The joke was old, but it still got a laugh. It always did, here in the Village. Cal heard the voice come from somewhere behind him, cut off abruptly by other conversations, voices jostling for space in the overcrowded market air. Deals were being made here, deals he wasn't involved in. A thousand dreams, reaching up with nervous fingers toward the sky, their owners ready to snatch them back down into the warm safety of anonymity at a moment's notice. He shrugged off some tattooed whore and pushed his way past the bodies to Pyle.

Pyle was a fixture here in the market. Tall and emaciated, with one arm and piercing bright blue eyes, everything that was anything went down through Pyle. Cal had always wondered why Pyle never got the arm replaced, but had never asked. The morning sunlight glinted off the plating covering his head. Cal suspected that he polished it, just for the effect. Here, in the Village, effect was everything. People weren't rich enough to have anything else. He grinned his shark's teeth grin as Cal forced his way towards him. Three of his teeth were gold.

"Business, friend Cal, or pleasure?" The 'friend' didn't mean anything. Neither did the grin. Cal had seen Pyle grin like that while watching his hired vatboy pull the arms of some unlucky sob who owned him money.

Cal shrugged. "Always business, Pyle. You know that. Federil been around?"

"Been and gone, been and gone, dear boy." The voice was noncommittal.

Press him. "Gone where?"

Pyle waved a hand deprecatingly. "How should I know?"

"C'mon, Pyle. It don't happen around here without you knowin' about it."

Pyle looked thoughtful for a moment. Considering. "Since it's you, dear boy." Reached into a pocket, pulled out a chip, scuffed and worn. "Here. He gave me this." Held it out.

Cal took it as Pyle turned to talk to a tattooed dwarf with wild hair and wilder eyes. Pyle's remaining hand was tough, like leather. Cal moved his long hair back slightly, slotted the chip into the small jack behind his right ear. The AR kicked in, and his SezuTek G120 eyes overlaid the message header. Federil's neat handwriting. Cal's name.

"Pyle."

"Mm?"

"This is addressed to me." Monotone voice.

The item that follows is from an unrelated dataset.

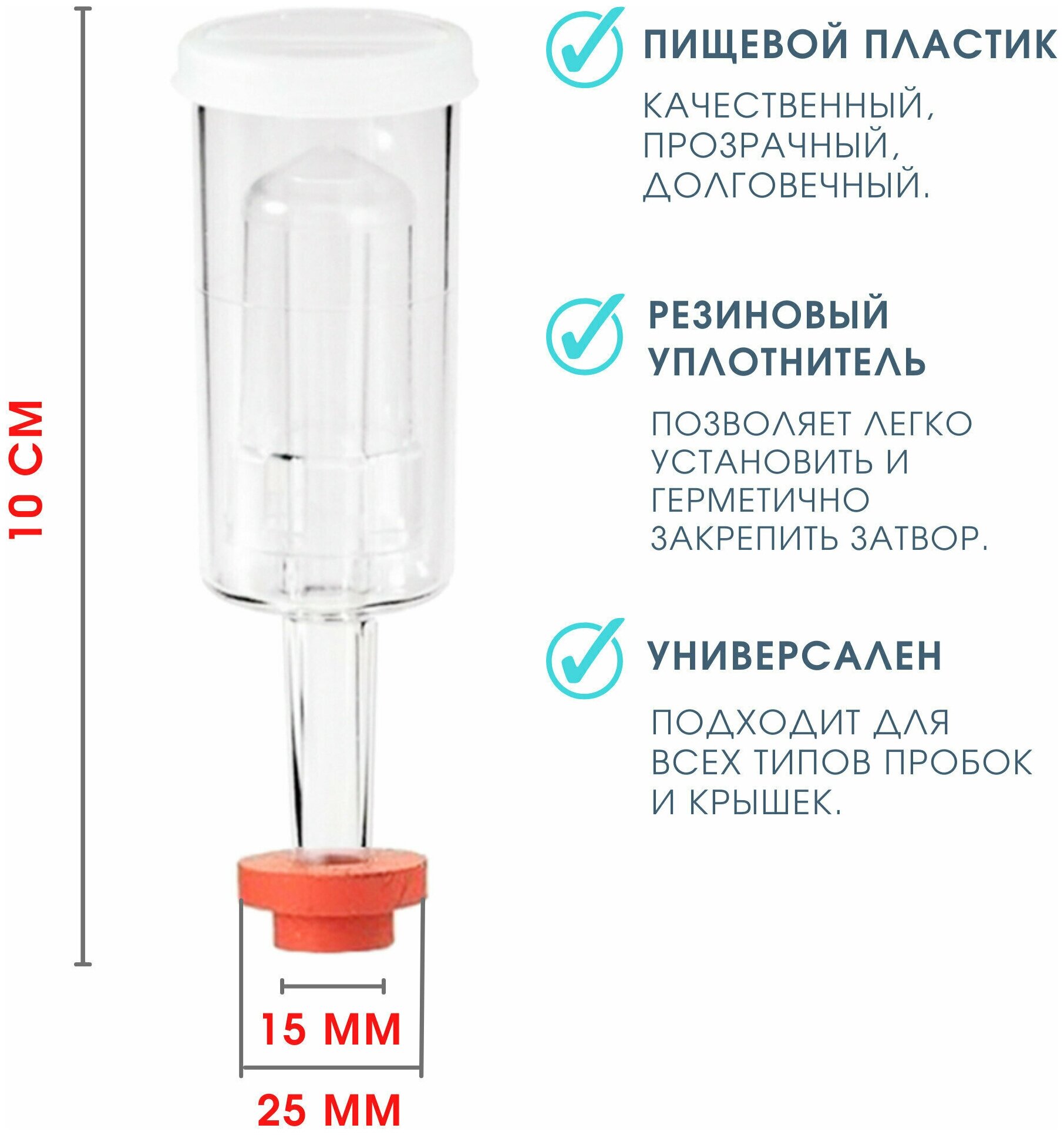 10 цен на Комплект для бродильных емкостей: Гидрозатвор бесшумный (трехкамерный) + Кран пластиковый с фильтром + LCD термометр (градусник-наклейка).

"Really, dear boy? I hadn't noticed." Cal could read nothing in Pyle's tone. He might have been lying, or he might really not have known. You never could tell with Pyle, and Cal knew when not to press his luck. He settled for nodding, unslotting the chip and dropping it into a pocket. Here's not the place to read the whole thing.

"Thanks, Pyle."

Pyle waved a distracted hand, already deep in conversation with the dwarf. Cal pushed off the trestle table Pyle used as a stall, back into the mass of bodies. Back into the never ending hustle.